→ Task directions
Look through the listing below and write out exactly the lines from the line with "數據還數據,親身體驗最緊要,測試安排在人" to the line with "Presented is an", both included, and no others.

→ Entries provided
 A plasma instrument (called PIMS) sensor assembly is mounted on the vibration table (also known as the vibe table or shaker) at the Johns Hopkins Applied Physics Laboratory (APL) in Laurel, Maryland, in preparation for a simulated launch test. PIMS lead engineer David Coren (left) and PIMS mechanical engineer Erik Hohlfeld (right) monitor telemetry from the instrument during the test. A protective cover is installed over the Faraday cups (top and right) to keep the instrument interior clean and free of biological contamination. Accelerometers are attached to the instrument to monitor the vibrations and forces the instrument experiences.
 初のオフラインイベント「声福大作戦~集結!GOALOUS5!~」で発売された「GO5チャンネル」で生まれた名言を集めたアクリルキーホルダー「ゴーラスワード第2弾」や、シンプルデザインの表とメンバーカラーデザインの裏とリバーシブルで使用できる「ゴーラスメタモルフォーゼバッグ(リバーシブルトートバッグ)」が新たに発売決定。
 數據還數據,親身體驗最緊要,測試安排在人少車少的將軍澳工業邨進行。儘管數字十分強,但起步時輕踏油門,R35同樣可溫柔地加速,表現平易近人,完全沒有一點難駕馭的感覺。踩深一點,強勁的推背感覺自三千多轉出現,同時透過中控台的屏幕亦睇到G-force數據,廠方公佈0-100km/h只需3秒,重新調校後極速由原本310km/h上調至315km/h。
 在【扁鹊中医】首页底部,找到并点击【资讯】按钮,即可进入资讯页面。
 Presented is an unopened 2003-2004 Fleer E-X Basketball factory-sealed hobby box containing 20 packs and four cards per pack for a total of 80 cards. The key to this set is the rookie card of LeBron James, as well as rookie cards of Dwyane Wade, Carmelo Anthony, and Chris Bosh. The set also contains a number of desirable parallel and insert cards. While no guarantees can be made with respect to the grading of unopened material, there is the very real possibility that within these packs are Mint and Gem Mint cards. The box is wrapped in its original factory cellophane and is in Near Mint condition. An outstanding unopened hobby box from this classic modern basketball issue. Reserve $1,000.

--

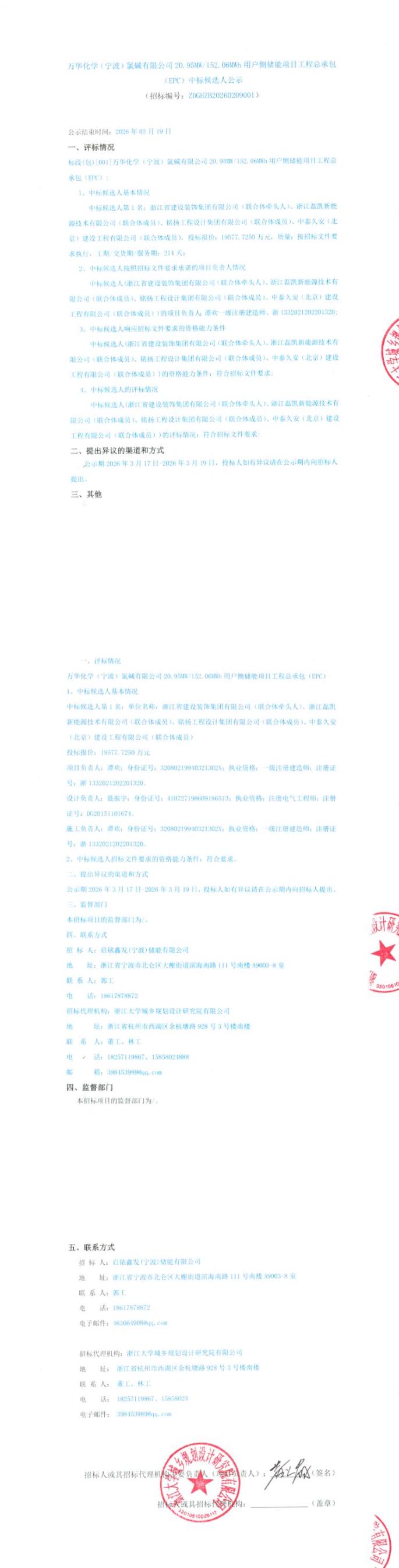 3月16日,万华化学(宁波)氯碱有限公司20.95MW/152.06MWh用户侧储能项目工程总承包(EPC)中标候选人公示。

* * *

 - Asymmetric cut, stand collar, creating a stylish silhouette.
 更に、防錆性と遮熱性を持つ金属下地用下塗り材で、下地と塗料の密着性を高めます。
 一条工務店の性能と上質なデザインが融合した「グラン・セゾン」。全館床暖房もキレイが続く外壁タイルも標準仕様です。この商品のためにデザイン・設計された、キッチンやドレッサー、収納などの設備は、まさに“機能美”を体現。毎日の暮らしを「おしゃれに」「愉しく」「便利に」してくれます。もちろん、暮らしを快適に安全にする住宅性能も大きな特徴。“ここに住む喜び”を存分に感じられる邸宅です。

→ Solution to the problem
 數據還數據,親身體驗最緊要,測試安排在人少車少的將軍澳工業邨進行。儘管數字十分強,但起步時輕踏油門,R35同樣可溫柔地加速,表現平易近人,完全沒有一點難駕馭的感覺。踩深一點,強勁的推背感覺自三千多轉出現,同時透過中控台的屏幕亦睇到G-force數據,廠方公佈0-100km/h只需3秒,重新調校後極速由原本310km/h上調至315km/h。
 在【扁鹊中医】首页底部,找到并点击【资讯】按钮,即可进入资讯页面。
 Presented is an unopened 2003-2004 Fleer E-X Basketball factory-sealed hobby box containing 20 packs and four cards per pack for a total of 80 cards. The key to this set is the rookie card of LeBron James, as well as rookie cards of Dwyane Wade, Carmelo Anthony, and Chris Bosh. The set also contains a number of desirable parallel and insert cards. While no guarantees can be made with respect to the grading of unopened material, there is the very real possibility that within these packs are Mint and Gem Mint cards. The box is wrapped in its original factory cellophane and is in Near Mint condition. An outstanding unopened hobby box from this classic modern basketball issue. Reserve $1,000.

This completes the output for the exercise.